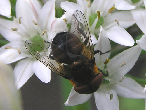 Danke Ingrid, mit deinem Hinweis habe ich ein wenig die Literatur gesichtet.Als wichtigstes Erkennungsmerkmal der Tachiniden wird die reiche Körperbeborstung angegeben. Als weiteres Kennzeichen ein „deutlich ausgeprägter und vorgewölbter Querwulst unter den Schildchen… (sowie)… die gewinkelte Spitzenquerader.“ Die ist, glaube ich, in der Vergrößerung zu erkennen. Nahrungsspender ist übrigens die Blüte des Schnittknoblauchs.ich würde Deine Fliege zur Familie Tachinidae, Schmarotzerfliegen stellen.
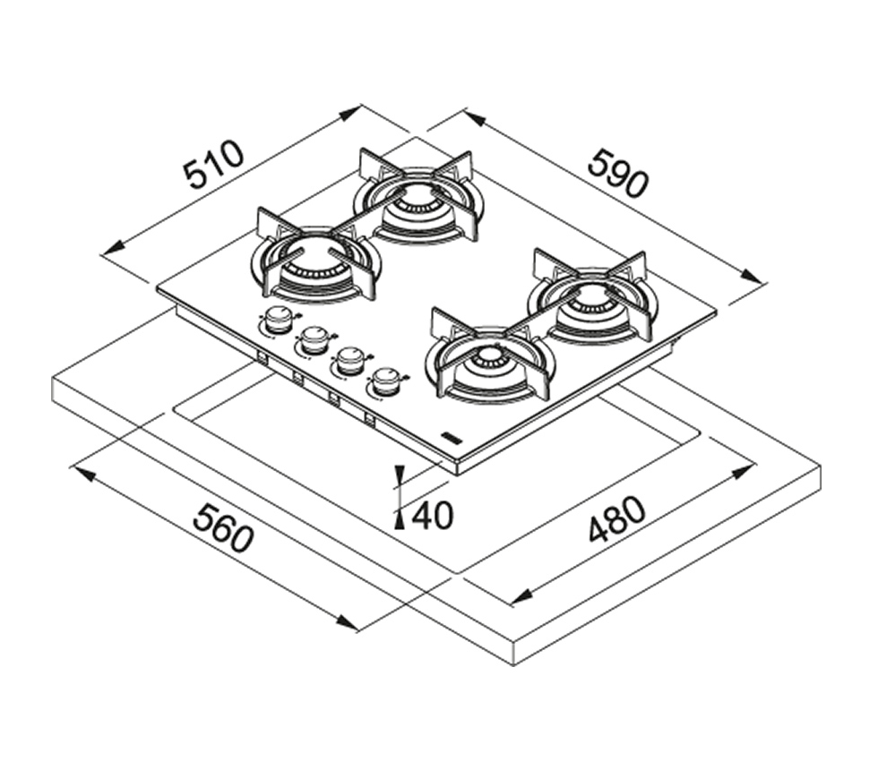 FRANKE Plaque gaz FHCR 604 4G HE BK C verre noir
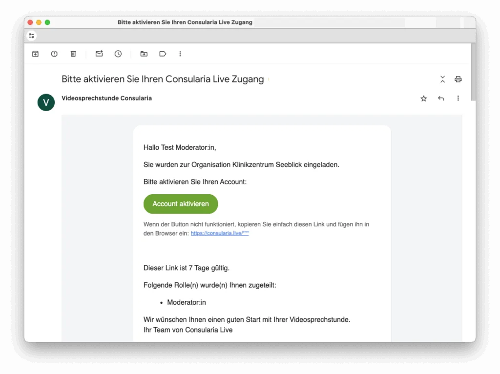 Wenn Sie von einem:einer Administrator:in eingeladen wurde, bekommen Sie eine E-Mail, um die Registrierung zu beginnen. Klicken Sie in der E-Mail auf die »Account anlegen« Schaltfläche oder kopieren Sie den Link in Ihren Browser.

________

__Work to be completed__
Print every line above exactly. Leave the pictures out.

__Solution to this task__
 Danke Ingrid, mit deinem Hinweis habe ich ein wenig die Literatur gesichtet.Als wichtigstes Erkennungsmerkmal der Tachiniden wird die reiche Körperbeborstung angegeben. Als weiteres Kennzeichen ein „deutlich ausgeprägter und vorgewölbter Querwulst unter den Schildchen… (sowie)… die gewinkelte Spitzenquerader.“ Die ist, glaube ich, in der Vergrößerung zu erkennen. Nahrungsspender ist übrigens die Blüte des Schnittknoblauchs.ich würde Deine Fliege zur Familie Tachinidae, Schmarotzerfliegen stellen.
 FRANKE Plaque gaz FHCR 604 4G HE BK C verre noir
 Wenn Sie von einem:einer Administrator:in eingeladen wurde, bekommen Sie eine E-Mail, um die Registrierung zu beginnen. Klicken Sie in der E-Mail auf die »Account anlegen« Schaltfläche oder kopieren Sie den Link in Ihren Browser.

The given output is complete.